Data excerpts
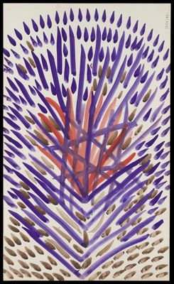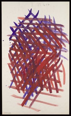 Credit: Red and purple diagonal lines with purple and brown darts and droplets, and a red and purple mesh. Source: Wellcome Collection.
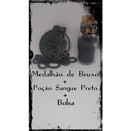 Medalhão de Bruxo The Witcher Geralt + Bolsa Preta + Poção
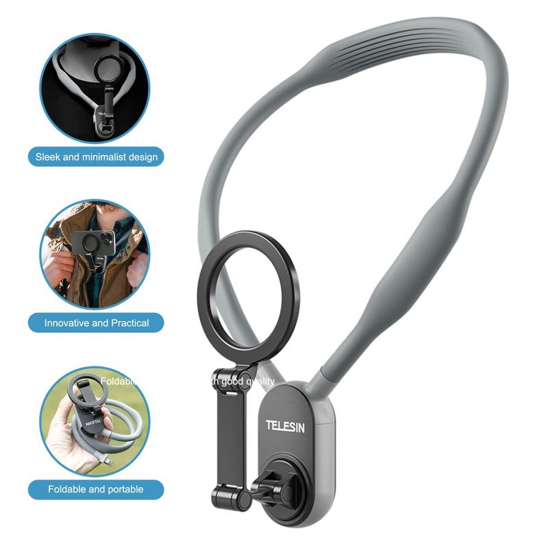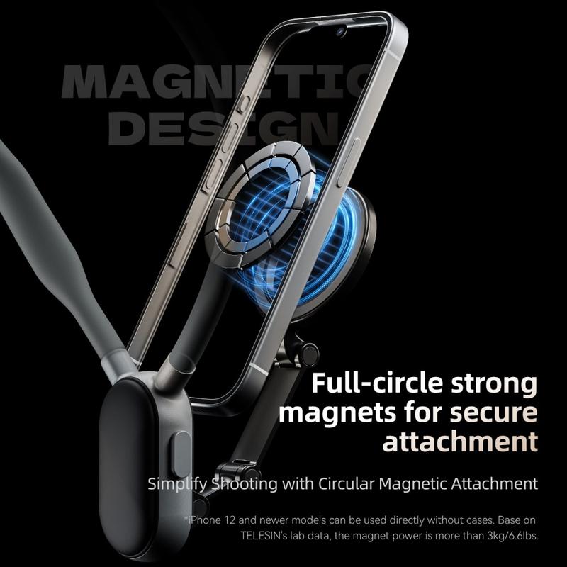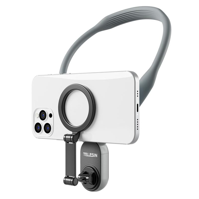 TELESIN MNM-001 for iPhone 12 / 13 / 14 / 15/ 16 silikonhalsfeste magnetisk selfie-stang for telefon - grå
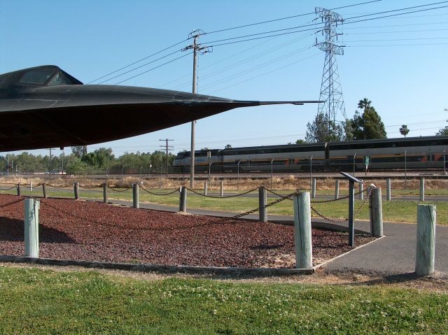 | Afternoon Train 715 blasts by Castle Air Museum in the town of Atwater on April 27, 2004. The train is in push mode as it heads towards its' next station stop in Denair. Interestingly, San Joaquin trains have no specific orientation as to which direction is lead by a locomotive, as most push-pull operations do. Railfans never know from day to day whiich trains will have a unit leading or trailing. |
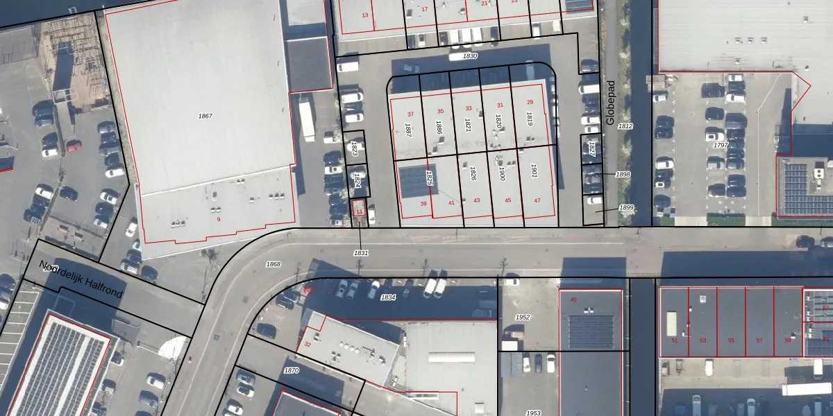 Meridiaan 39 is gelegen op kadastraal perceel GDA01G1825. Deze kadastrale aanduiding is uniek en wordt gebruikt door het Kadaster om eigendomsrechten en andere zakelijke rechten vast te leggen. Het perceel maakt onderdeel uit van de kadastrale gemeente Gouda.
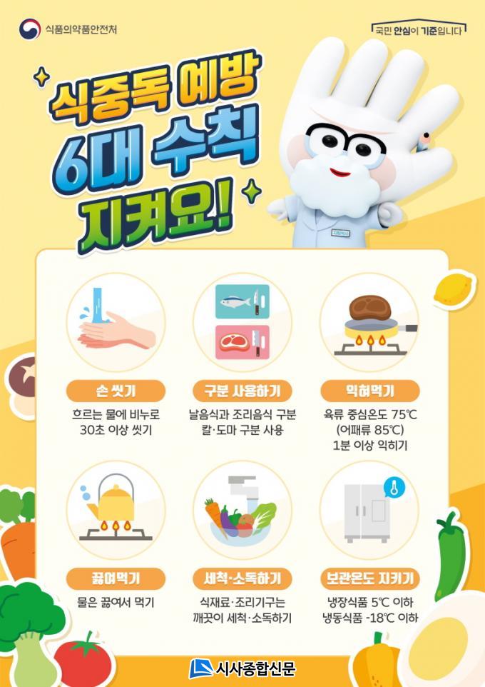 Á¡°Ë°ú ÇÔ²² Ä¿ÇÇ, À½·á µî ±¹¹ÎÀÌ ¸¹ÀÌ ¼·ÃëÇÏ´Â Á¶¸®½ÄǰÀ» ¼ö°ÅÇØ ½ÄÁßµ¶±Õ ¿À¿° ¿©ºÎµµ °Ë»çÇÒ ¿¹Á¤ÀÌ´Ù.¶ÇÇÑ °í¿Â¡¤´Ù½ÀÇÑ ¿©¸§Ã¶À» ¸ñÀü¿¡ µÎ°í ÀÖ¾î ½ÄÁßµ¶ ¹ß»ý Áõ°¡°¡ ¿ì·ÁµÊ¿¡ µû¶ó ½ÄÁßµ¶ ¿¹¹æ 6´ë ¼öÄ¢ Áöµµ¡¤È«º¸µµ ÇÔ²² ÆîÄ£´Ù. 6´ë ¼öÄ¢Àº ¼Õ¾Ä±â, ÀÍÇô¸Ô±â, ²ú¿©¸Ô±â, ¼¼Ã´¡¤¼Òµ¶Çϱâ, ³¯À½½Ä°ú Á¶¸®À½½Ä ±¸ºÐÇØ¼ Ä®¡¤µµ¸¶ ±¸ºÐ »ç¿ëÇϱâ, º¸°ü¿Âµµ Áö۱â´Ù.
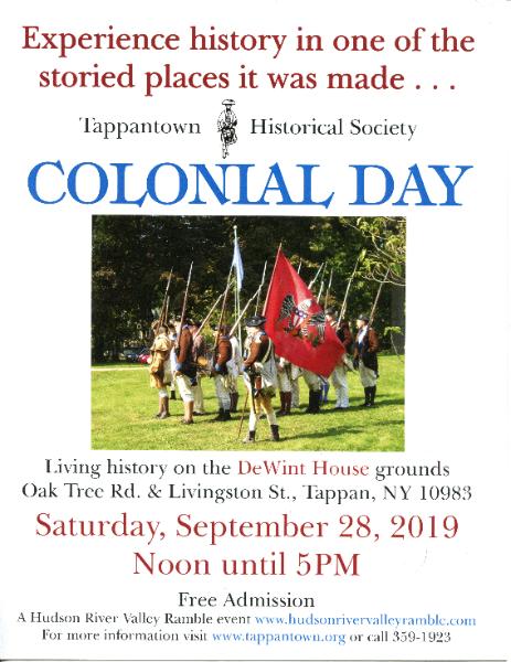 35th Annual COLONIAL DAY Saturday, September 28, 2019 from 12PM to 5PM at the DeWint House ( Oak Tree Road and Livingston Street , Tappan , NY 10983 ) Step back in time and visit Colonial America... Come see Colonial Army Re-enactors and Encampment Soldiers Colonial Singers and Dancers Quilting, Embroidery, Lacemaking See a Blacksmith, Wood Carver, Bee Keeper and Soap Maker. Ladies and Gentlemen in Colonial Attire preparing for Winter in the DeWint House Kitchen For the children: apple pressing, stenciling, candle-dipping, spinning, butter-making, Colonial Apron Making, writing with quill pen Farm Animals Sheep Shearer Tour The Carriage House Museum and DeWint House REFRESHMENTS AVAILABLE LIMITED ON-SITE PARKING (priority given to disabled) FREE ADMISSION |
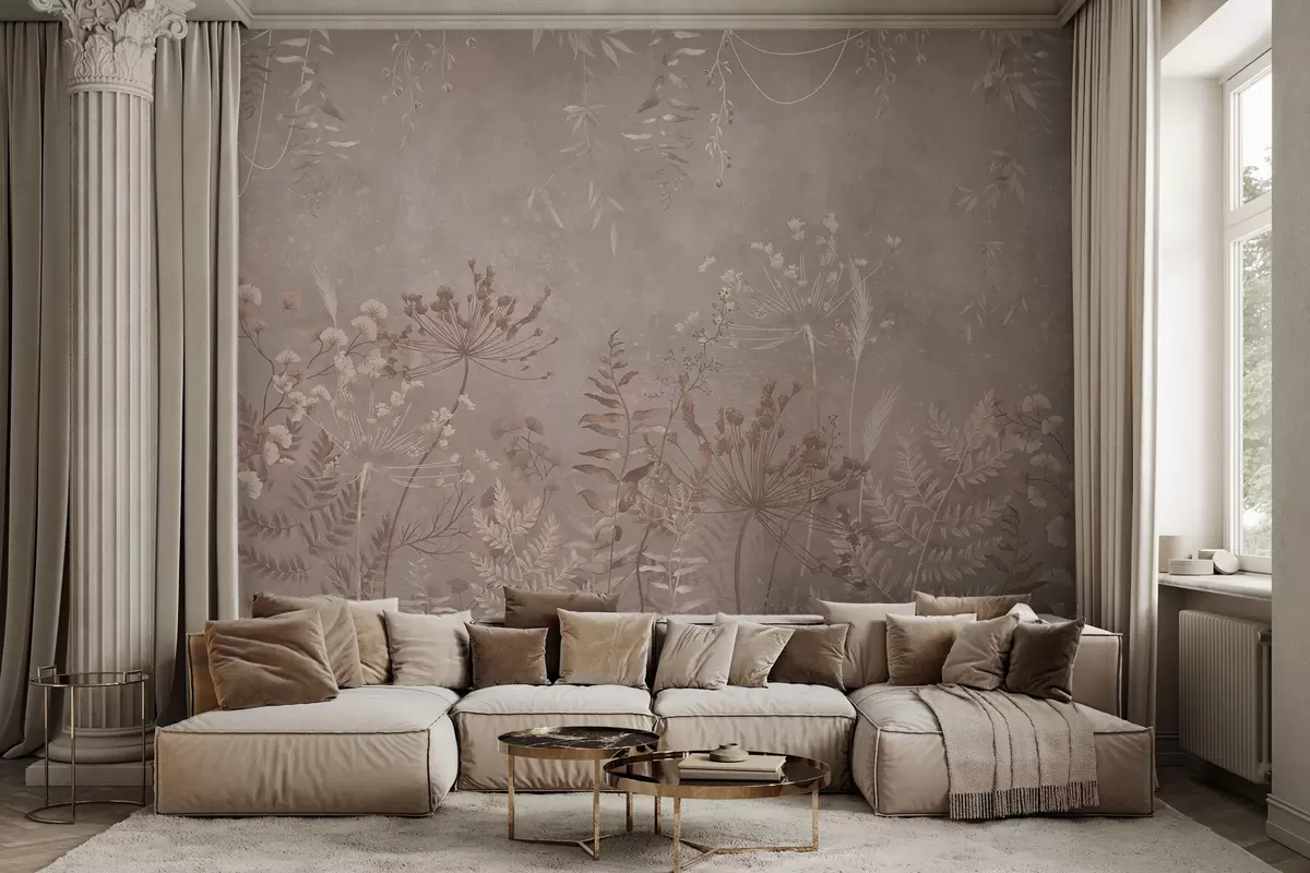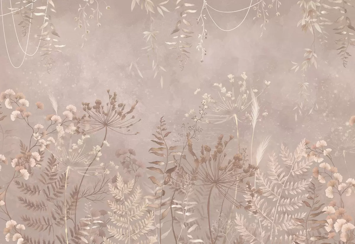 Fotomurales Motivo botánico en beige suave con flores silvestres. Nr. w05092v2
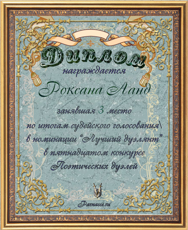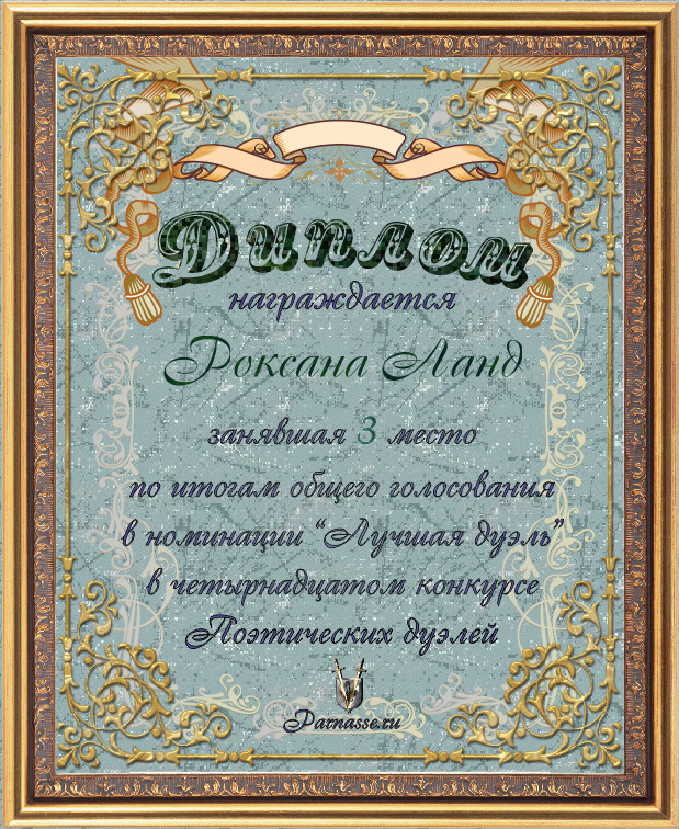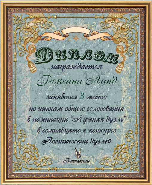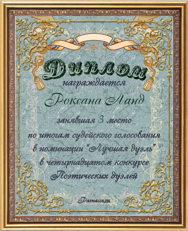 Диплом за 3-е место в номинации "Лучшая дуэль" по итогам судейского голосования в 15ом конкурсе поэтических дуэлей(№ 22.1)
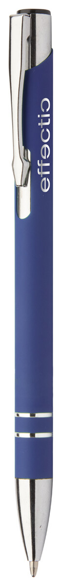 Hliníkové kuličkové pero s pogumovaným povrchem a modrou náplní. Speciální povrch pro laser stříbrného loga.
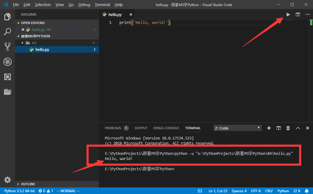 python e:/PythonProjects/跟着MS学Python/#4/hello.py
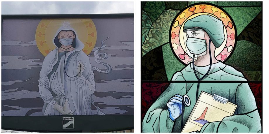 O artistă din București a creat o serie de ilustrații înfățișând medici cu aure și în posturi de sfinți. Imaginile fac parte dintr-o campanie derulată de o agenție de publicitate cu scopul de a le mulțumi celor care luptă în prima linie cu pandemia de COVID-19 și au fost expuse pe panourile publicitate din Capitală.
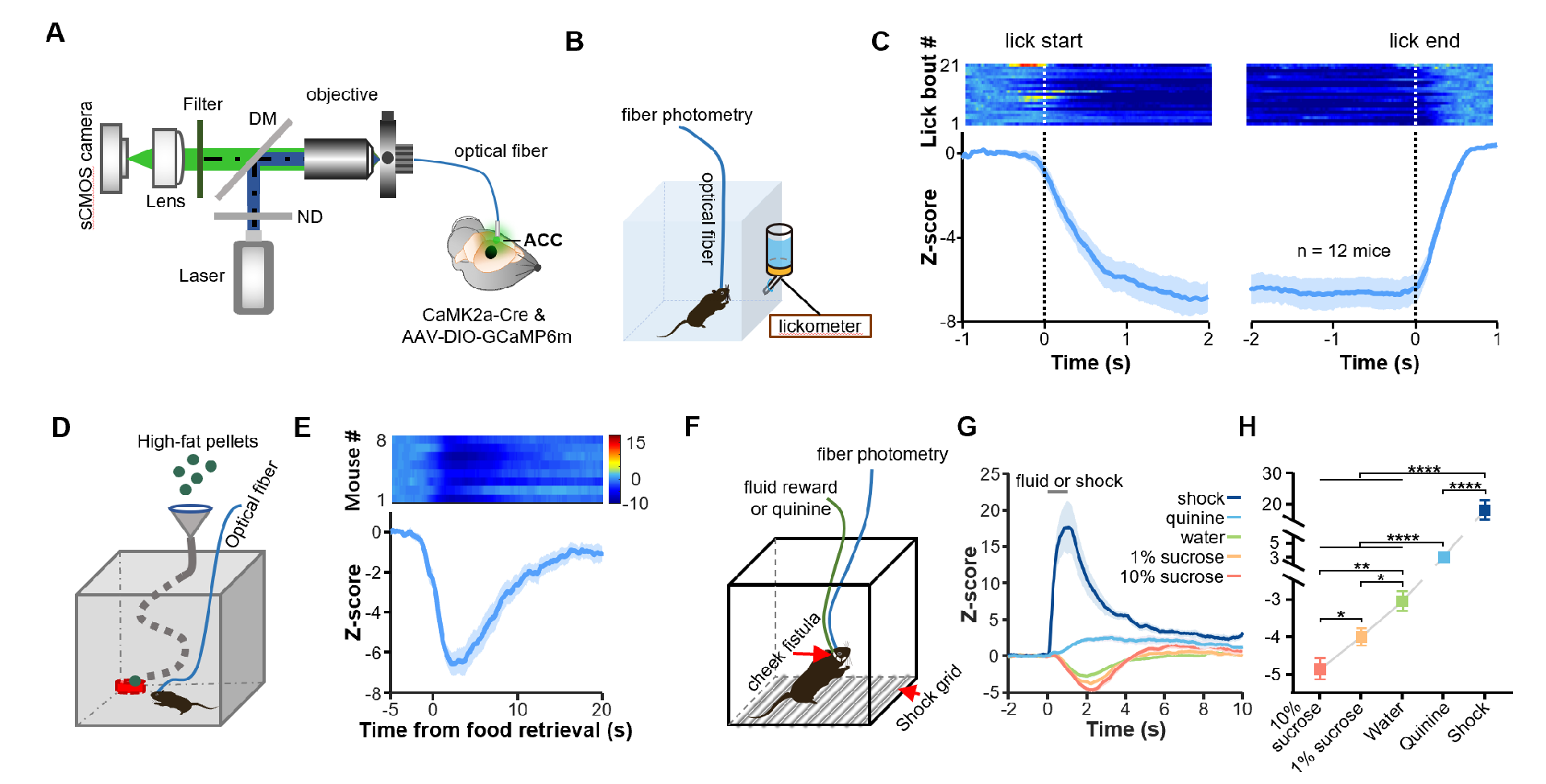 The research team first recorded the responses of pyramidal neurons in the ACC to different rewards and punishments at both the population and single-cell levels using fiber photometry and miniscope imaging (Figure 1). Regardless of whether the mice actively consumed rewards (thirsty mice licking water bottles or hungry mice eating high-fat food) or passively received liquid rewards delivered from cheek fistula, pyramidal neurons in the ACC were significantly inhibited, and the strength of this inhibition was positively correlated with reward value. In contrast, different punishing stimuli (bitter water, electric shocks) activated these neurons. The results of miniscope imaging showed that 41% of pyramidal neurons in the ACC were inhibited by rewards, 21% were activated by rewards, and the rest showed no significant response, indicating an overall inhibitory response to rewards.
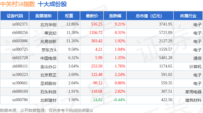 中关村50(399423)指数十大成份股详情如下:
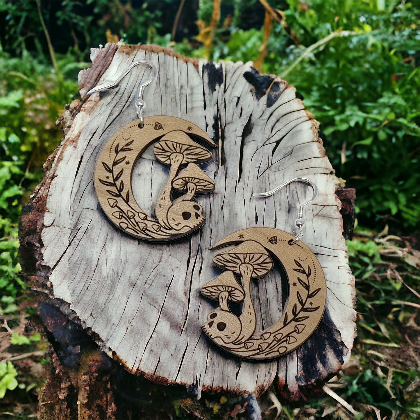 Mushroom Skull Moon Earrings – Woodland Whimsy Boho Statement Jewelry
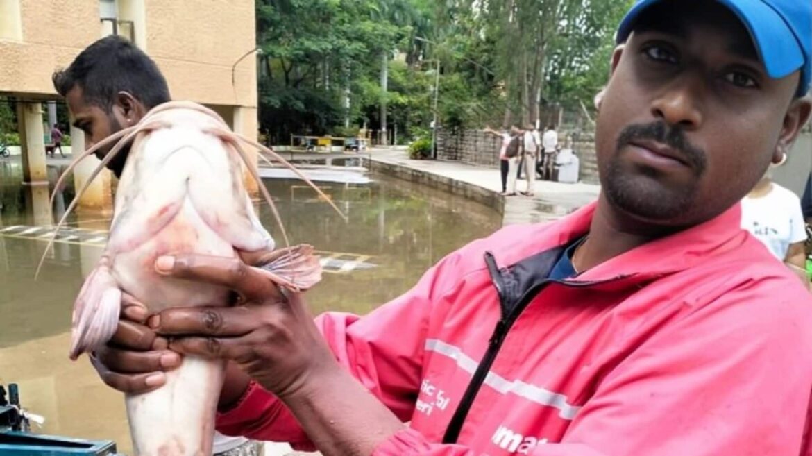 ഒരാള് വലിയൊരു മത്സ്യവുമായി നില്ക്കുന്നതാണത്.ഇത് മുന് രാഷ്ട്രപതി ഡോ. എ.പി.ജെ അബ്ദുള് കലാം താമസിച്ചിരുന്ന കേന്ദ്രീയ വിഹാറിന്റെ ഫ്ലാറ്റിന് സമീപത്ത് നിന്നാണെന്നാണ് ചിലര് കുറിക്കുന്നത്. ചിത്രത്തില് ഒരാള് അത്യാവശം വലിയൊരു മത്സ്യത്തെ കൈയില്പിടിച്ച് നില്ക്കുകയാണ്. എന്തായായലും ബംഗളൂരിന്റെ പലഭാഗത്തെയും ഫ്ലാറ്റുകളില് നിന്നും ഇത്തരത്തിലുള്ള മീനുകളെ ഇപ്പോള് കണ്ടെത്താമെന്നാണ് നെറ്റിസണ്സ് പറയുന്നത്.മഴക്കെടുതി നിമിത്തം സഹിക്കെട്ട കേന്ദ്രീയ വിഹാറിലെ ധാരാളം ആളുകള് തങ്ങളുടെ അപ്പാര്ട്ടുമെന്റുകള് വില്ക്കാന് തീരുമാനിച്ചതായി റിപ്പോര്ട്ടുകളുണ്ട്. മഴ എത്രയും വേഗം അവസാനിച്ച് മാനം തെളിയട്ടെ എന്ന് നെറ്റിസണ്സ് പ്രത്യാശിക്കുന്നു…
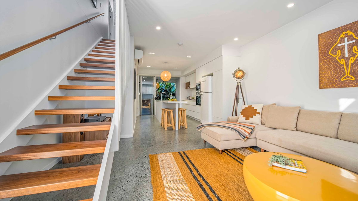 Una estancia perfecta en un hotel mientras exploras todo lo que Byron tiene para ofrecer. A poca distancia del ecléctico centro de la ciudad, de las gloriosas playas, del magnífico faro o del café/desayuno/almuerzo en el emblemático Top Shop justo al lado. Totalmente renovado e incluye lujos sencillos: sistema completo de filtración de agua en el hogar, cama tamaño queen con sábanas de ensueño, cocina americana, baño privado, productos Lief, aire acondicionado y un patio privado relajante con baño al aire libre.

WHAT NEEDS TO BE DONE
Output the records above exactly, leaving out pictures.

THE ANSWER
 Credit: Red and purple diagonal lines with purple and brown darts and droplets, and a red and purple mesh. Source: Wellcome Collection.
 Medalhão de Bruxo The Witcher Geralt + Bolsa Preta + Poção
 TELESIN MNM-001 for iPhone 12 / 13 / 14 / 15/ 16 silikonhalsfeste magnetisk selfie-stang for telefon - grå
 | Afternoon Train 715 blasts by Castle Air Museum in the town of Atwater on April 27, 2004. The train is in push mode as it heads towards its' next station stop in Denair. Interestingly, San Joaquin trains have no specific orientation as to which direction is lead by a locomotive, as most push-pull operations do. Railfans never know from day to day whiich trains will have a unit leading or trailing. |
 Meridiaan 39 is gelegen op kadastraal perceel GDA01G1825. Deze kadastrale aanduiding is uniek en wordt gebruikt door het Kadaster om eigendomsrechten en andere zakelijke rechten vast te leggen. Het perceel maakt onderdeel uit van de kadastrale gemeente Gouda.
 Á¡°Ë°ú ÇÔ²² Ä¿ÇÇ, À½·á µî ±¹¹ÎÀÌ ¸¹ÀÌ ¼·ÃëÇÏ´Â Á¶¸®½ÄǰÀ» ¼ö°ÅÇØ ½ÄÁßµ¶±Õ ¿À¿° ¿©ºÎµµ °Ë»çÇÒ ¿¹Á¤ÀÌ´Ù.¶ÇÇÑ °í¿Â¡¤´Ù½ÀÇÑ ¿©¸§Ã¶À» ¸ñÀü¿¡ µÎ°í ÀÖ¾î ½ÄÁßµ¶ ¹ß»ý Áõ°¡°¡ ¿ì·ÁµÊ¿¡ µû¶ó ½ÄÁßµ¶ ¿¹¹æ 6´ë ¼öÄ¢ Áöµµ¡¤È«º¸µµ ÇÔ²² ÆîÄ£´Ù. 6´ë ¼öÄ¢Àº ¼Õ¾Ä±â, ÀÍÇô¸Ô±â, ²ú¿©¸Ô±â, ¼¼Ã´¡¤¼Òµ¶Çϱâ, ³¯À½½Ä°ú Á¶¸®À½½Ä ±¸ºÐÇØ¼ Ä®¡¤µµ¸¶ ±¸ºÐ »ç¿ëÇϱâ, º¸°ü¿Âµµ Áö۱â´Ù.
 35th Annual COLONIAL DAY Saturday, September 28, 2019 from 12PM to 5PM at the DeWint House ( Oak Tree Road and Livingston Street , Tappan , NY 10983 ) Step back in time and visit Colonial America... Come see Colonial Army Re-enactors and Encampment Soldiers Colonial Singers and Dancers Quilting, Embroidery, Lacemaking See a Blacksmith, Wood Carver, Bee Keeper and Soap Maker. Ladies and Gentlemen in Colonial Attire preparing for Winter in the DeWint House Kitchen For the children: apple pressing, stenciling, candle-dipping, spinning, butter-making, Colonial Apron Making, writing with quill pen Farm Animals Sheep Shearer Tour The Carriage House Museum and DeWint House REFRESHMENTS AVAILABLE LIMITED ON-SITE PARKING (priority given to disabled) FREE ADMISSION |
 Fotomurales Motivo botánico en beige suave con flores silvestres. Nr. w05092v2
 Диплом за 3-е место в номинации "Лучшая дуэль" по итогам судейского голосования в 15ом конкурсе поэтических дуэлей(№ 22.1)
 Hliníkové kuličkové pero s pogumovaným povrchem a modrou náplní. Speciální povrch pro laser stříbrného loga.
 python e:/PythonProjects/跟着MS学Python/#4/hello.py
 O artistă din București a creat o serie de ilustrații înfățișând medici cu aure și în posturi de sfinți. Imaginile fac parte dintr-o campanie derulată de o agenție de publicitate cu scopul de a le mulțumi celor care luptă în prima linie cu pandemia de COVID-19 și au fost expuse pe panourile publicitate din Capitală.
 The research team first recorded the responses of pyramidal neurons in the ACC to different rewards and punishments at both the population and single-cell levels using fiber photometry and miniscope imaging (Figure 1). Regardless of whether the mice actively consumed rewards (thirsty mice licking water bottles or hungry mice eating high-fat food) or passively received liquid rewards delivered from cheek fistula, pyramidal neurons in the ACC were significantly inhibited, and the strength of this inhibition was positively correlated with reward value. In contrast, different punishing stimuli (bitter water, electric shocks) activated these neurons. The results of miniscope imaging showed that 41% of pyramidal neurons in the ACC were inhibited by rewards, 21% were activated by rewards, and the rest showed no significant response, indicating an overall inhibitory response to rewards.
 中关村50(399423)指数十大成份股详情如下:
 Mushroom Skull Moon Earrings – Woodland Whimsy Boho Statement Jewelry
 ഒരാള് വലിയൊരു മത്സ്യവുമായി നില്ക്കുന്നതാണത്.ഇത് മുന് രാഷ്ട്രപതി ഡോ. എ.പി.ജെ അബ്ദുള് കലാം താമസിച്ചിരുന്ന കേന്ദ്രീയ വിഹാറിന്റെ ഫ്ലാറ്റിന് സമീപത്ത് നിന്നാണെന്നാണ് ചിലര് കുറിക്കുന്നത്. ചിത്രത്തില് ഒരാള് അത്യാവശം വലിയൊരു മത്സ്യത്തെ കൈയില്പിടിച്ച് നില്ക്കുകയാണ്. എന്തായായലും ബംഗളൂരിന്റെ പലഭാഗത്തെയും ഫ്ലാറ്റുകളില് നിന്നും ഇത്തരത്തിലുള്ള മീനുകളെ ഇപ്പോള് കണ്ടെത്താമെന്നാണ് നെറ്റിസണ്സ് പറയുന്നത്.മഴക്കെടുതി നിമിത്തം സഹിക്കെട്ട കേന്ദ്രീയ വിഹാറിലെ ധാരാളം ആളുകള് തങ്ങളുടെ അപ്പാര്ട്ടുമെന്റുകള് വില്ക്കാന് തീരുമാനിച്ചതായി റിപ്പോര്ട്ടുകളുണ്ട്. മഴ എത്രയും വേഗം അവസാനിച്ച് മാനം തെളിയട്ടെ എന്ന് നെറ്റിസണ്സ് പ്രത്യാശിക്കുന്നു…
 Una estancia perfecta en un hotel mientras exploras todo lo que Byron tiene para ofrecer. A poca distancia del ecléctico centro de la ciudad, de las gloriosas playas, del magnífico faro o del café/desayuno/almuerzo en el emblemático Top Shop justo al lado. Totalmente renovado e incluye lujos sencillos: sistema completo de filtración de agua en el hogar, cama tamaño queen con sábanas de ensueño, cocina americana, baño privado, productos Lief, aire acondicionado y un patio privado relajante con baño al aire libre.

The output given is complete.